バルドゥス卿は聖印を掲げたが、その光は森の濃密な魔力の前では、懐中電灯ほどの力も発揮しなかった。

彼らは、武力で敵を破壊することしか知らない。


しかし、この森は、武力では攻撃できない自然の理と精神の揺らぎという、ノクティス・ベイルの戦術に似た知恵で彼らを翻弄していた。




結局、騎士団は古城に到達できないまま、食料と魔力を浪費し尽くし、精神的に追い詰められた。一滴の血も流さずに、彼らは撤退を余儀なくされた。

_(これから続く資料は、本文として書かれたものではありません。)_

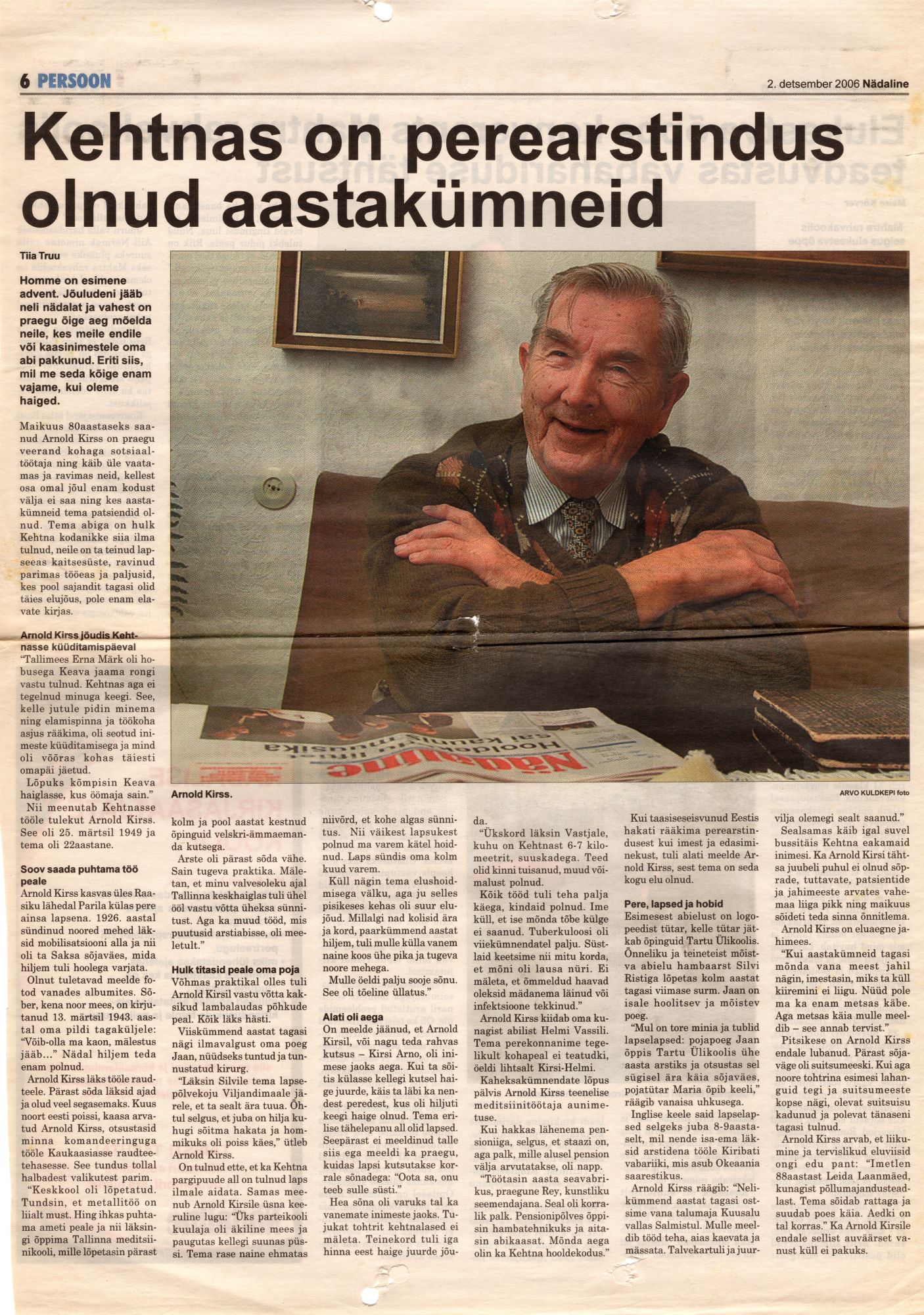 Artikkel 2006. a Nädalises rubriigis Persoon. Kehtna perearst Arnold Kirss.

「撤退だ! 撤退する! この森は……呪われている!」


バルドゥス卿は、誇りを完全に打ち砕かれ、這うようにして深淵の静寂を後にした。


先にはいつまで経っても進めなかった森を出るのは一瞬だった。彼は最初から、森の中の古城へほとんど進めていなかったのだ。



彼らが森から這い出た数時間後、評議会からの報せが届いた。ミゼラの封印は解かれ、悲嘆の魔王は闇の王妃の勢力に加わった、と。



バルドゥス卿は、最後まで何に敗北したのか理解できなかった。




聖典評議会は、ミゼラの力という重要な資源を、無能な傲慢さと森の魔力、自然の秩序の前にあっさりと失ったのだった。